10. Simple Linear Regression Flashcards
Analysis of variance (ANOVA)
A table that presents the sums of squares, degrees of freedom, mean squares, and F-statistic for a regression model.
Coefficient of determination
(R^2) The percentage of the variation of the dependent variable that is explained by the independent variable. It is a measure of goodness of fit of a regression model.
Error term
Represents the difference between the observed value of the independent variable and that expected from the true underlying population relation between the dependent and independent variable.
Estimated parameters
In a simple linear regression: the intercept and slope of the fitted line.
Heteroskedasticity
Non-constant variance across all observations.
Homoskedasticity
Constant variance across all observations.
Indicator variable
A variable that takes on only one of two values, 0 or 1, based on a condition. In simple linear regression, the slope is the difference in the dependent variable for the two conditions. Also referred to as a dummy variable.
Lin-log model
A functional form for transforming regression model data in which the dependent variable is linear but the independent variable is logarithmic.
Log-lin model
A functional form for transforming regression model data in which the dependent variable is logarithmic but the independent variable is linear.
Log-log model
A functional form for transforming regression model data in which both the dependent and independent variables are in logarithmic form.
Mean square error (MSE)
Calculated as the sum of squares error (SSE) divided by the degrees of freedom, which are the number of observations minus the number of independent variables minus one. Since simple linear regression has just one independent variable, the degrees of freedom calculation is the number of observations minus 2.

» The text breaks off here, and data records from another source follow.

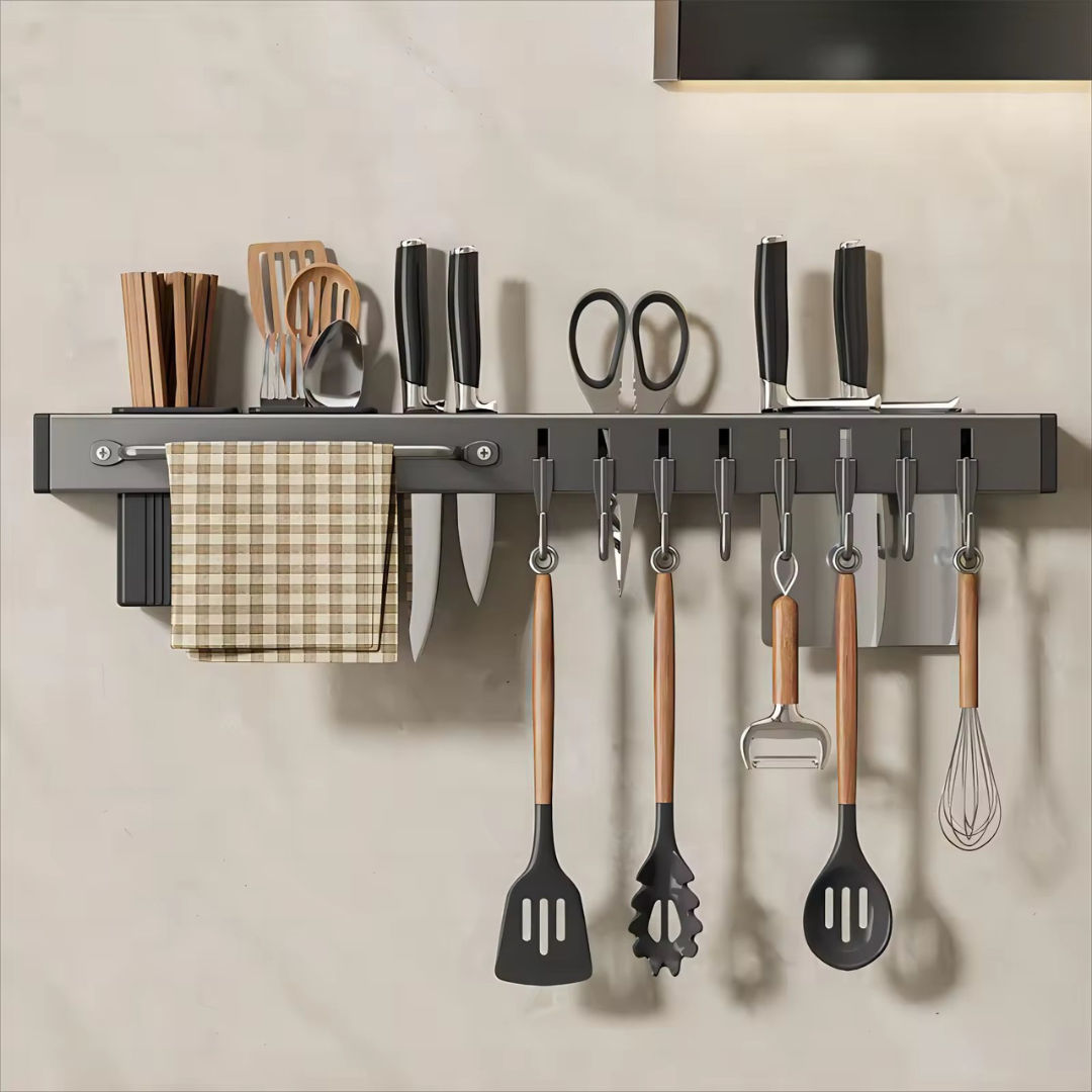 Wall-Mounted Kitchen Knife and Utensil Organizer Rack is designed to keep your knives, cooking tools, and daily essentials perfectly arranged while freeing up valuable counter space. No more messy drawers or cluttered countertops - just a clean, modern, and efficient kitchen setup. Whether you cook daily or simply prefer an organized space, this rack keeps everything within easy reach while adding a sleek and modern touch to your kitchen wall.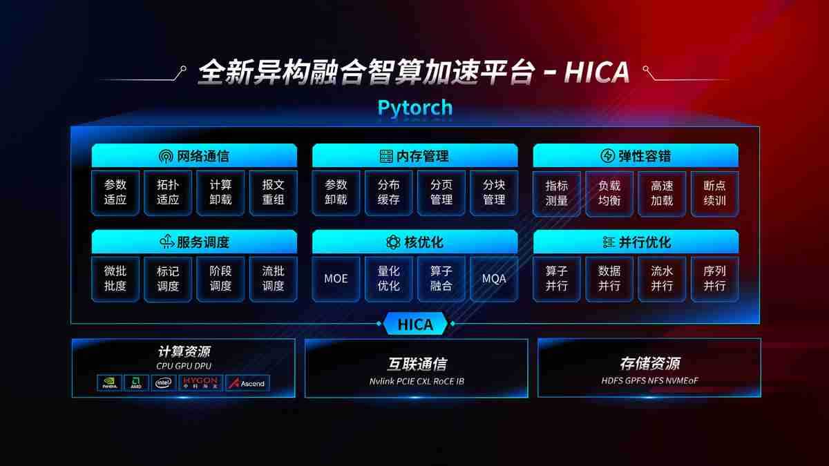 通过自研的服务层、、、中间适配层、、、以及调度编排算法,,,,采用数据并行、、、、模型并行等多种并行方式,,把并行计算任务进行有效的分解,,使其分别由相应的软件栈和算力资源来承接。。。。当GPU资源变化,,,HICA可以实时动态调度计算子任务并调整模型拓扑和架构,,,以充分聚合各种算力资源。。。。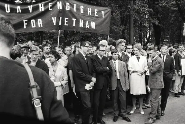 Vietnam-demonstrasjon utenfor Den amerikanske ambassaden på Drammensveien i Oslo. Blant demonstrantene står Thorbjørn Berntsen, Tor Bjerkmann, Einar Førde, Ingrid Eide og Arvid Jacobsen. Juli 1966.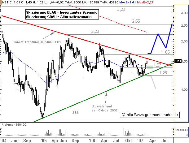 Rückblick: Die Aktie der NET AG Aktie rutschte nach dem Allzeithoch im Mai 2000 bei 39,00 Euro deutlich ab und markierte im Oktober 2002 nach über 99% Kursverlust bei 0,35 Euro das Allzeittief. Seit dem bewegt sich die Aktie volatil seitwärts, wobei sich die Handelsspanne verengt und eine riesige dreiecksförmige Kontur erhält. Die Unterkante bildet der Aufwärtstrend seit Oktober 2002, an dem die Aktie zuletzt im Januar 2007 nach oben hin abprallte. Aktuell nähert sie sich der inneren Trendlinie seit Juni 2001 bei 1,72 Euro, welche die Oberkante des Dreiecks darstellt. Das mittel- bis langfristige Chartbild ist momentan absolut neutral zu betrachten.

Mean square regression (MSR)
Calculated as the sum of squares regression (SSR) divided by the number of independent variables in the regression model. In simple linear regression, there is only one independent variable, so MSR equals SSR.
Regression analysis
Allows us to test hypotheses about the relationship between two variables, by quantifying the strength of the relationship between the two variables, and to use one variable to make predictions about the other variable.
Regression coefficients
The collective term for the intercept and slope coefficients in the regression model.
Residual
The amount of deviation of an observed value of the dependent variable from its estimated value based on the fitted regression line.
Simple linear regression (SLR)
An approach for estimating the linear relationship between a dependent variable and a single independent variable by minimizing the sum of the squared deviations between the fitted line and the observed values.
Slope coefficient
The change in the estimated value of the dependent variable for a one-unit change in the value of the independent variable.
Standard error of the estimate
A measure of the distance between the observed values of the dependent variable and those predicted from the estimated regression. The smaller this value, the better the fit of the model. Also known as the standard error of the regression and the root mean square error.
Standard error of the forecast
Used to provide an interval estimate around the estimated regression line. It is necessary because the regression line does not describe the relationship between the dependent and independent variables perfectly.
Standard error of the slope coefficient
Calculated for simple linear regression by dividing the standard error of the estimate by the square root of the variation of the independent variable.
Sum of squares error (SSE)
A measure of the total deviation between observed and estimated values of the dependent variable. It is calculated by subtracting each estimated value Y^i from its corresponding observed value Yi, squaring each of these differences, and then summing all of these squared differences.
Sum of squares regression (SSR)
A measure of the explained variation in the dependent variable, calculated as the sum of the squared differences between the predicted value of the dependent variable, Y ̂_i, based on the estimated regression line, and the mean of the dependent variable, Y ̅.